* Exercise description *
Give again, exactly as written, each line of the material below starting at the line that contains "2017年12月09日清道夫" and ending at the line that contains "Sus afligidos esposa". Both ends count, and no other line does.

* Data provided *
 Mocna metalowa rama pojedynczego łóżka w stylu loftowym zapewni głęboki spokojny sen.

--

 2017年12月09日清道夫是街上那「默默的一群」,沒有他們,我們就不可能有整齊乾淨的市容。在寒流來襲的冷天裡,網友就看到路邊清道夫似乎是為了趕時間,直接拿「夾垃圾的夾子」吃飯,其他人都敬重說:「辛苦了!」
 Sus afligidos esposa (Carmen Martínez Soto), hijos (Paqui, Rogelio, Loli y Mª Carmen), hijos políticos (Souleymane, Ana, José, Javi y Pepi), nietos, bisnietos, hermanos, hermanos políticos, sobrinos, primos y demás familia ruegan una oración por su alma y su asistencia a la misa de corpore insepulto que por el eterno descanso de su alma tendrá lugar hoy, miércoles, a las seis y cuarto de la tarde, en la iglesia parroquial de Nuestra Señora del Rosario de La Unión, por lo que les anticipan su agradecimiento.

* Task output *
 2017年12月09日清道夫是街上那「默默的一群」,沒有他們,我們就不可能有整齊乾淨的市容。在寒流來襲的冷天裡,網友就看到路邊清道夫似乎是為了趕時間,直接拿「夾垃圾的夾子」吃飯,其他人都敬重說:「辛苦了!」
 Sus afligidos esposa (Carmen Martínez Soto), hijos (Paqui, Rogelio, Loli y Mª Carmen), hijos políticos (Souleymane, Ana, José, Javi y Pepi), nietos, bisnietos, hermanos, hermanos políticos, sobrinos, primos y demás familia ruegan una oración por su alma y su asistencia a la misa de corpore insepulto que por el eterno descanso de su alma tendrá lugar hoy, miércoles, a las seis y cuarto de la tarde, en la iglesia parroquial de Nuestra Señora del Rosario de La Unión, por lo que les anticipan su agradecimiento.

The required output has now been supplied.